*** Block opens ***

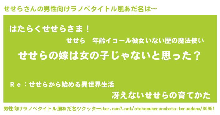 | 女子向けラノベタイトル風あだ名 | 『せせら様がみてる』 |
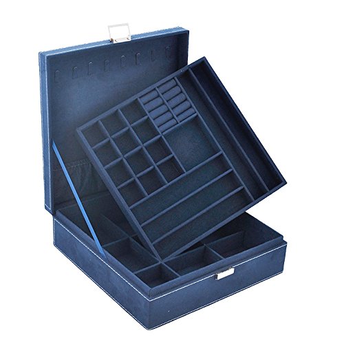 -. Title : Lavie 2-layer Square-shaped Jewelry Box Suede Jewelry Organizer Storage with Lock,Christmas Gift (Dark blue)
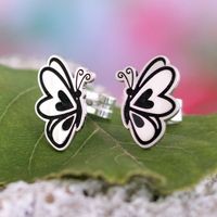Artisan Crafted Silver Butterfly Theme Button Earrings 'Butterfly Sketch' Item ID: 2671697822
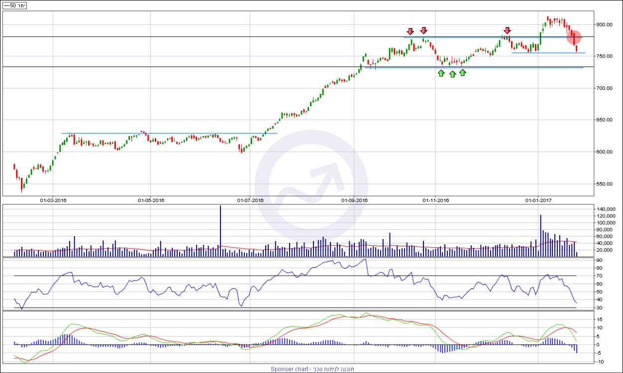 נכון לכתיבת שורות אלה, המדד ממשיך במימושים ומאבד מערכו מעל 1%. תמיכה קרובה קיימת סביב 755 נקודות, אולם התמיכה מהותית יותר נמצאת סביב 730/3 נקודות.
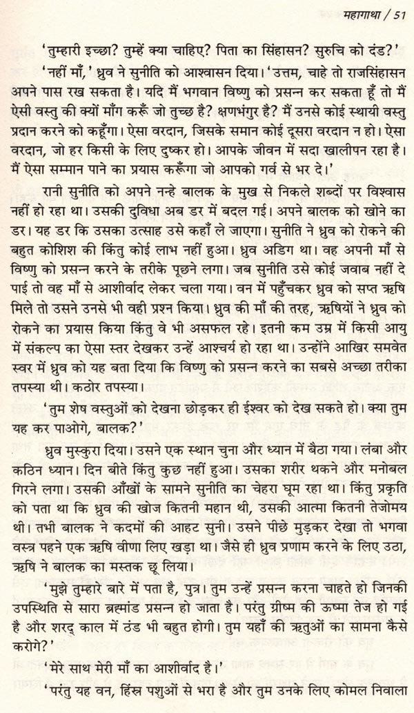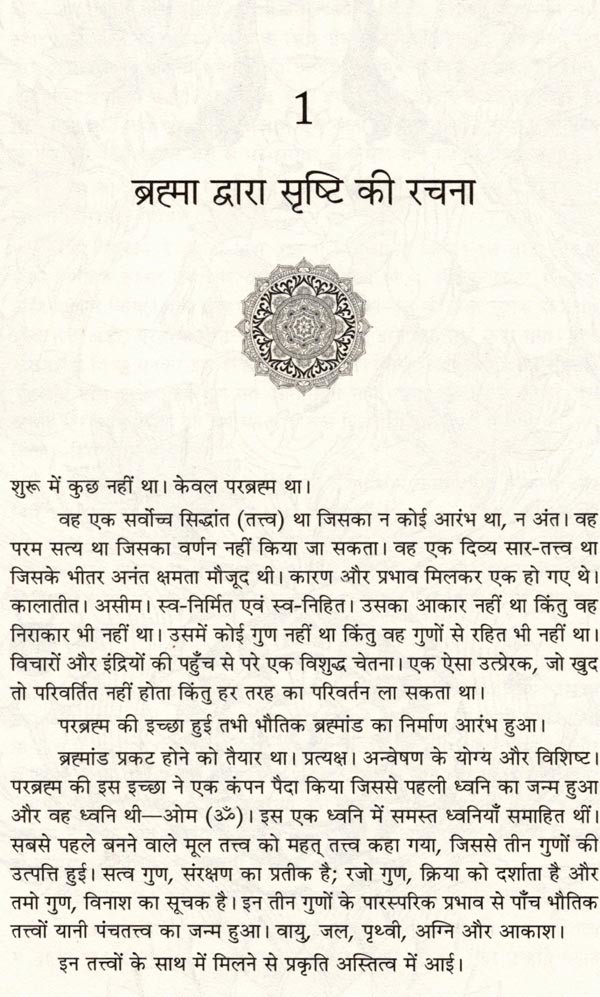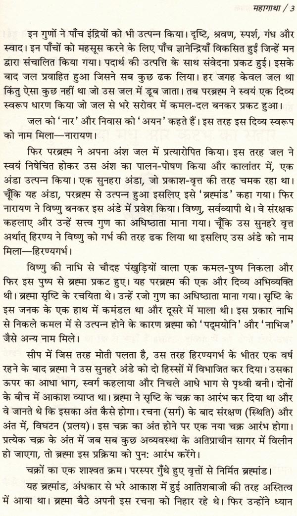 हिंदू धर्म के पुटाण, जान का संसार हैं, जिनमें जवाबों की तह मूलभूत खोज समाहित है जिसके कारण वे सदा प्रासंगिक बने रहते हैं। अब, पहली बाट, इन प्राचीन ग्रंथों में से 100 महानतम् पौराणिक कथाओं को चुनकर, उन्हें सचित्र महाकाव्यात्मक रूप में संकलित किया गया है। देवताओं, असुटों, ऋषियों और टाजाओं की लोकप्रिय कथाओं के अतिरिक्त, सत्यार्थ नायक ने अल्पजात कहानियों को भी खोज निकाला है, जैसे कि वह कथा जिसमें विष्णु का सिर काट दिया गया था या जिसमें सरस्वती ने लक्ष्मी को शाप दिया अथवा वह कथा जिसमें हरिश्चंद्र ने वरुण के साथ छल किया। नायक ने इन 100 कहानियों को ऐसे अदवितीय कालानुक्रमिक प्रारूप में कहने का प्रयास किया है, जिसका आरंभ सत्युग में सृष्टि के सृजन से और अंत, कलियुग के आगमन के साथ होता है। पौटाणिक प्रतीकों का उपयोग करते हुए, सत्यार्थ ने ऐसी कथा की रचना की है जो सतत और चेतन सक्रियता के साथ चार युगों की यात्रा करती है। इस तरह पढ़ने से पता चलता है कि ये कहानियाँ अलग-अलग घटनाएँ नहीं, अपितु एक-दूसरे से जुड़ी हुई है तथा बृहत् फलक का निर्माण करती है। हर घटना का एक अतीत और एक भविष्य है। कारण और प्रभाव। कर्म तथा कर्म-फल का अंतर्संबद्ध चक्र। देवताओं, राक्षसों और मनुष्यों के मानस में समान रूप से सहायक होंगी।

*** Block closes ***

_What is being asked_
A word-for-word copy of the material is required; pictures stay out of it.

_Written answer_
 | 女子向けラノベタイトル風あだ名 | 『せせら様がみてる』 |
 -. Title : Lavie 2-layer Square-shaped Jewelry Box Suede Jewelry Organizer Storage with Lock,Christmas Gift (Dark blue)
Artisan Crafted Silver Butterfly Theme Button Earrings 'Butterfly Sketch' Item ID: 2671697822
 נכון לכתיבת שורות אלה, המדד ממשיך במימושים ומאבד מערכו מעל 1%. תמיכה קרובה קיימת סביב 755 נקודות, אולם התמיכה מהותית יותר נמצאת סביב 730/3 נקודות.
 हिंदू धर्म के पुटाण, जान का संसार हैं, जिनमें जवाबों की तह मूलभूत खोज समाहित है जिसके कारण वे सदा प्रासंगिक बने रहते हैं। अब, पहली बाट, इन प्राचीन ग्रंथों में से 100 महानतम् पौराणिक कथाओं को चुनकर, उन्हें सचित्र महाकाव्यात्मक रूप में संकलित किया गया है। देवताओं, असुटों, ऋषियों और टाजाओं की लोकप्रिय कथाओं के अतिरिक्त, सत्यार्थ नायक ने अल्पजात कहानियों को भी खोज निकाला है, जैसे कि वह कथा जिसमें विष्णु का सिर काट दिया गया था या जिसमें सरस्वती ने लक्ष्मी को शाप दिया अथवा वह कथा जिसमें हरिश्चंद्र ने वरुण के साथ छल किया। नायक ने इन 100 कहानियों को ऐसे अदवितीय कालानुक्रमिक प्रारूप में कहने का प्रयास किया है, जिसका आरंभ सत्युग में सृष्टि के सृजन से और अंत, कलियुग के आगमन के साथ होता है। पौटाणिक प्रतीकों का उपयोग करते हुए, सत्यार्थ ने ऐसी कथा की रचना की है जो सतत और चेतन सक्रियता के साथ चार युगों की यात्रा करती है। इस तरह पढ़ने से पता चलता है कि ये कहानियाँ अलग-अलग घटनाएँ नहीं, अपितु एक-दूसरे से जुड़ी हुई है तथा बृहत् फलक का निर्माण करती है। हर घटना का एक अतीत और एक भविष्य है। कारण और प्रभाव। कर्म तथा कर्म-फल का अंतर्संबद्ध चक्र। देवताओं, राक्षसों और मनुष्यों के मानस में समान रूप से सहायक होंगी।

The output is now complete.